Here is another detail often missed.  Healing is not God’s reward or special favor for those He likes better than others.  Nor is it something bestowed because we ask in the right way, with the magical words.  There is no reference to anyone asking Jesus to intervene.  Our Lord heals the woman not because she was special or He received a special request or even because of Peter.  Healing is a sign and mark of the Kingdom.  Jesus heals the woman to display the kingdom of God.  He heals to show that He is who He has claimed to be.  Jesus heals to show that He is the true Savior and Redeemer who has brought true life into the world.  It is as if each and every healing were a way of announcing who Jesus is and why He has come.  In contrast to the way we make miracles about the person – their worthiness to be healed or what they did to get God to heal them – God makes healing to be about the kingdom.  This healing is the precursor to the ultimate healing – whether you are the mother-in-law of the one who is supposedly the first pope or not, healing of an illness is a temporal and temporary gift.  The eternal healing comes when we wear the new and glorious flesh in the resurrection – bodies that can no more be corrupted by illness or affliction than they can by held prisoner in the grave.

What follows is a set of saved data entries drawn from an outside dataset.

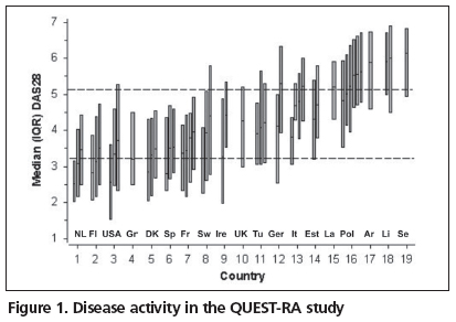 QUEST-RA is a unique multinational collaboration to review patients with RA for their clinical status and is therefore described here as an successful example of quantitative clinical measuring of RA as part of routine clinical care. QUEST-RA collects data from consecutive, unselected, patients with RA with no other selection criteria but adult-onset RA. Three or more clinics are invited in each country, to ensure generalizability of the data. In each clinic, 100 or more patients are assessed according to the SPERA evaluation described above. The primary aim of the QUEST-RA program is to provide “hands-on” experience to rheumatologists with patient questionnaires and standard clinical monitoring as part of usual care, in order to advance inclusion of quantitative data at every rheumatology visit.
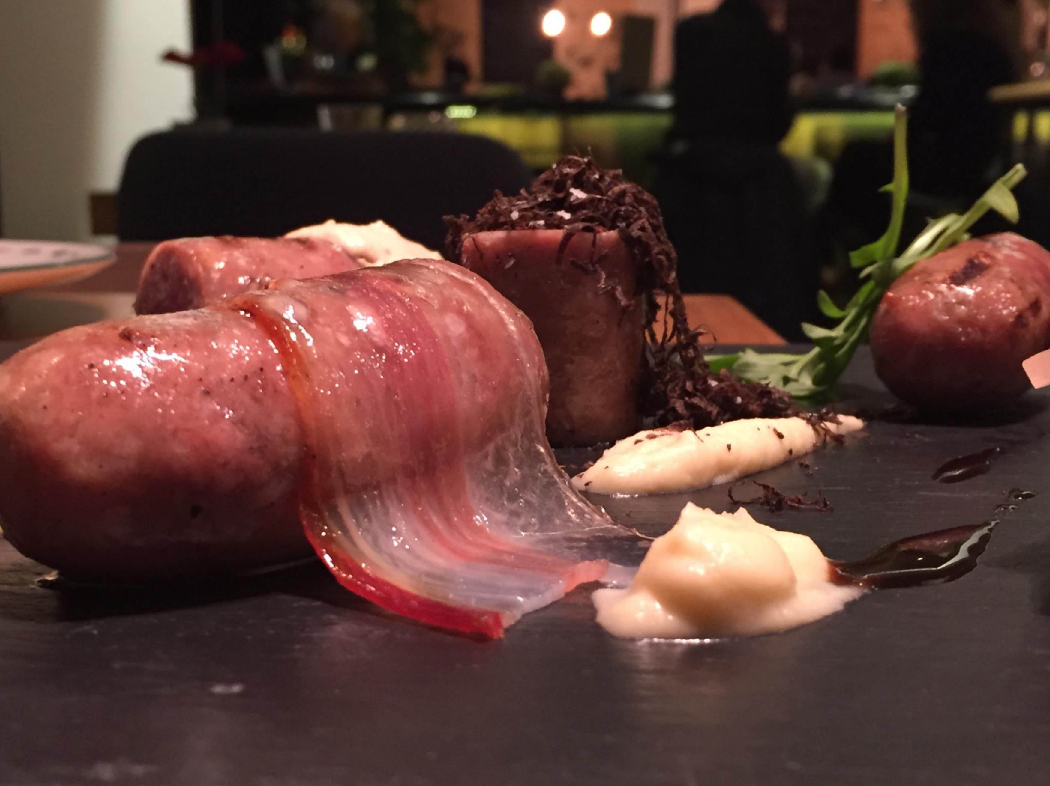 Longaniza artesanal de cerdo negro mallorquín con salsa de mostaza y trufa negra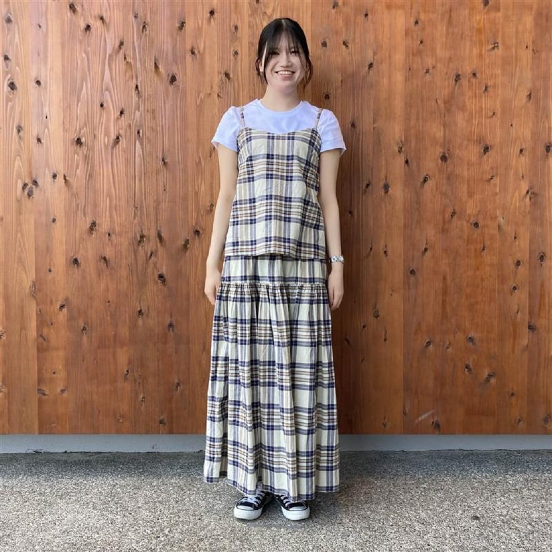 婦人 マドラスチェックフレアスカート 婦人L・アイボリーチェック

The healing of our mortal bodies whether by the miracle of medicine or the direct intervention of God will not last.  We have made everything about the moment – what we want, how we feel, and what we think we deserve.  But Scripture points us always to what lies behind the present, to the eternal prepared for us in Christ that we might be where He is forevermore. 

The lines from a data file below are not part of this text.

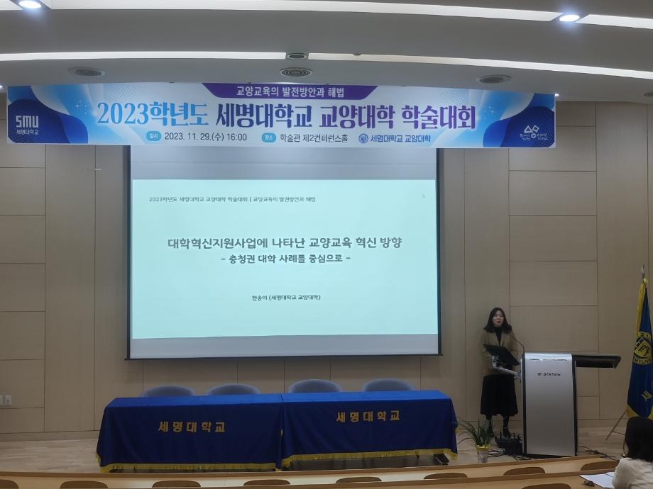 본문 시작 홈으로 커뮤니티 게시판 대학소개 교수소개 교양교육과정 교양교육 프로그램 커뮤니티 게시판 입학안내 홈페이지가이드 자료실 공지사항 자료실 학생 커뮤니티 취업정보 특강 및 기타 행사 CHARM리더십특강 CHARM커뮤니케이션 제천문화탐방과 스토리텔링 CHARM인문학콘서트~2018 향토문화탐방~2018 특강 및 기타 행사 포토 갤러리 특강 및 기타 행사 페이스북 트위터 프린트 2023학년도 세명대학교 교양대학 학술대회 교양대학 2340 2023-11-29 2023학년도 세명대학교 교양대학 학술대회 -교양교육의 발전방안과 해법- 목록 이전2023-1[미래사회CHARM인성]교과목 결과 공유 세미나 담당부서 : 교양대학 담당자 : - 연락처 : 043-649-7065 최종수정일 : 2024-10-26 만족도조사 만족도 조사 이 페이지에서 제공하는 정보에 대하여 만족하시나요? 매우만족 만족 보통 불만족 매우불만족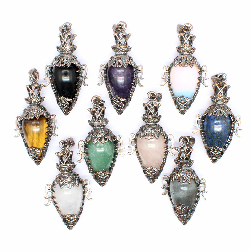 Gemstone Pendants Jewelry, Brass, with Gemstone, plated, DIY & with rhinestone, more colors for choice, nickel, lead & cadmium free, 13.07x6.14x22.38mm, Sold By PC
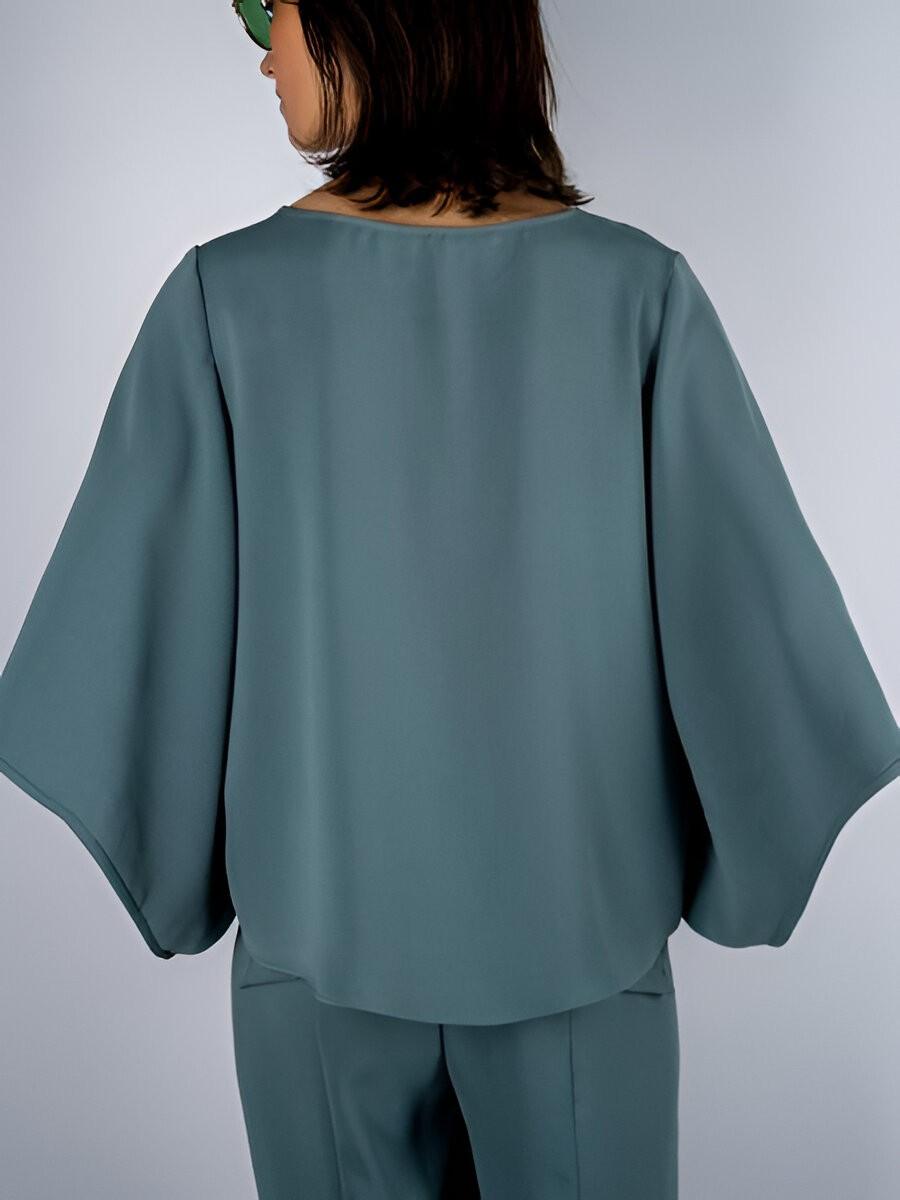 Hier eine tolle Bluse mit langem raffiniert geöffnetem Ärmel, die FRAU sowohl sportlich als auch sehr schick tragen kann. Die passende weiter geschnittene Hose in „pine“ findest Du auch in unserem Shop. Sollte Deine Größe vergriffen sein, schick uns eine Nachricht und wir kümmern uns, damit Du Dein Traumteil bekommst …

If we pray earnestly and our loved ones are not healed, that does not mean that God is against us or we don’t have enough faith.  We want a rational explanation, a sort of cause and effect reasoning why some are healed and given longer lives and others are not.  But this is not about reason or even about magical words that enable you to get what you want.  It was and is about faith.  Within that faith we are reminded that healing begins with forgiveness for all our sins, that healing is an eternal gift and blessing which we can know now only in part, and that both have their source in the cross.  The wounds of Christ are our healing.  

As hard as it is to know that not everyone will receive the momentary healing of the body for today, it is hard to comprehend that all who believe in the Lord Jesus will receive the perfect healing of everlasting life.  This too is a truth hidden not just here but in every account of Jesus healing the bodies or diseases of people.  Our Lord does not pick and choose but gives to all Christians the perfect healing of redemption even while only some have the cancer go into remission or live to recover from their surgery or have hearts that will beat a normal lifespan or birth defects that will be corrected.  Whether we live or die and no matter how long we live or when we die, we belong to the Lord.  He has owned our sins upon the cross and our weakness in His own flesh.  He bestows upon us the eternal healing of forgiveness for our sins and the eternal promise that those who live in Christ by baptism and faith today shall dwell with Him eternally.

Hidden details and the profound truth – By His stripes we have been healed.  Until the day our Lord has appointed, we focus the strength of our redeemed lives upon the Lord in thanksgiving for His salvation and upon our neighbor as Christ has loved and served us.  When the Lord comes in His glory, we focus upon the resurrection of the body and the life everlasting – fully known, comprehended, and realized by God’s grace and favor.  Amen.